I totally only read this book to finish the story; I’d kind of given up on The Alchemist Who Survived Now Dreams of a Quiet City Life but I wanted to see how the main group of heroes would save the day as they inevitably would (and did). One of the only reasons this conclusion to the question of will they be bale to defeat the Labyrinth and how isn’t a bad finish is because there’s not much of either Mariela or Sieg. Throughout the series Mariela is supposedly this amazing alchemist with powers far beyond what anyone in the current time and places could imagine, but she’s an airhead with very little personality. As Sieg himself points out, she genuinely is pretty unintelligent; really, the only reason Mariella is of any interest to anyone is because thanks to her memory and education in a time when alchemy was well known and common, and she had a powerful teacher who herself has very little to recommend her except buckets of magical power, Mariela is the only alchemist who has enough knowledge and connections to the magical power necessary for advanced alchemy. Had Mariela not been born a few centuries earlier and gotten stuck in magical suspended animation, she’d be virtually invisible to most everyone in the story.

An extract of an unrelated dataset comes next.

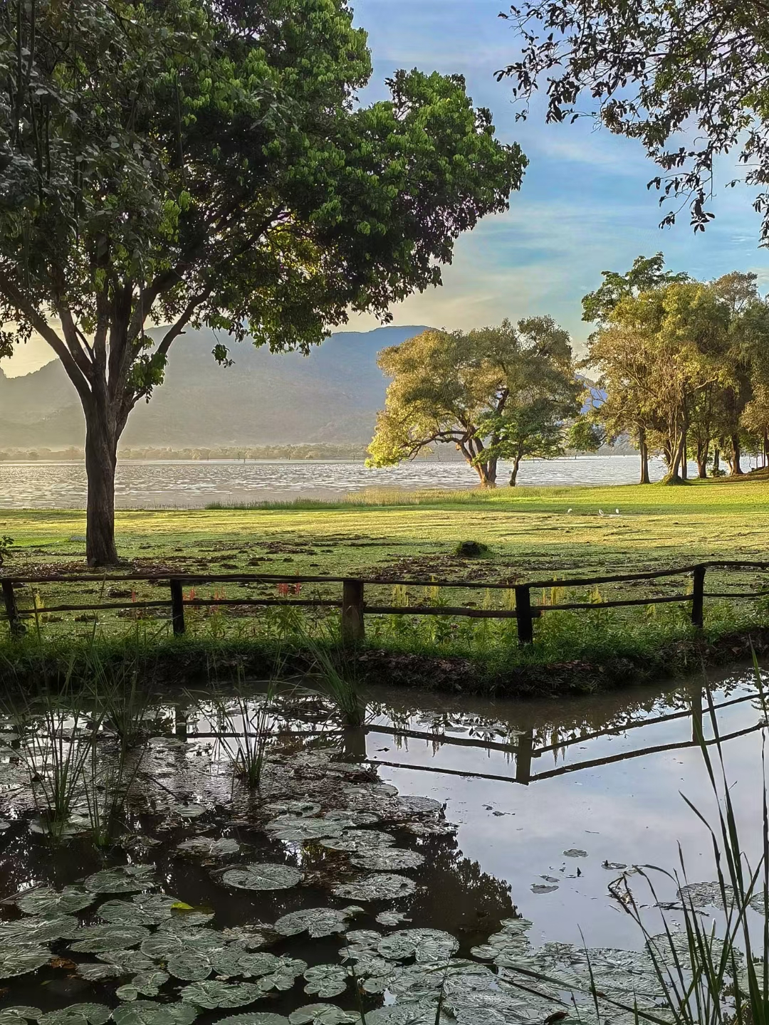 傍晚,我们团队到达斯里兰卡,入住了科伦坡市中心贝拉湖边的五星级酒店-肉桂湖畔酒店。 次日清晨,我们(我和老姐,老公)漫步酒店内外,被眼前的美景震撼到了… 酒店对面是若干现代化的高楼大厦,朝霞,椰树,盛开的花卉……心旷神怡开启了美好的一天。

Only in volume 5 of the light novel series does this become recognizable by the characters in the story. The actual defeating of the Labyrinth is done by General Leonhardt and some of the Black Iron Freight Corps which makes sense given that they’re warriors, but the final stages of the dungeon and the monsters are vague and the plot basically gives up for a while at that point. The play that gets made of the final story apparently takes what happens and gives it a tragic twist that is both true but only in terms of what happened, not necessarily what it meant to those involved. Basically, Mariela pulls off a super potion that has some very consequential side effects, which was a known thing before everyone drank it.
Even the part about saving Endalsia (the spirit, not the country, but that too in a way) seems like a rushed add on; it’s not like it isn’t obvious what would happen, really just a matter of when and how. The how wasn’t that interesting or suspenseful either, mostly because neither Mariela nor Freya have much depth or character. In the end, everyone is basically normalized in a power loss that means the whole world including them is about to see how well everyone can do without being super-powered. Do I care about this? Not really. If no one has much personality anyways, what’s the point?
Do I care at all about the probably continuation and the search for where Freya might have disappeared to after giving Mariela all her alchemical power, and maybe figuring out what her game was the whole time? Nope.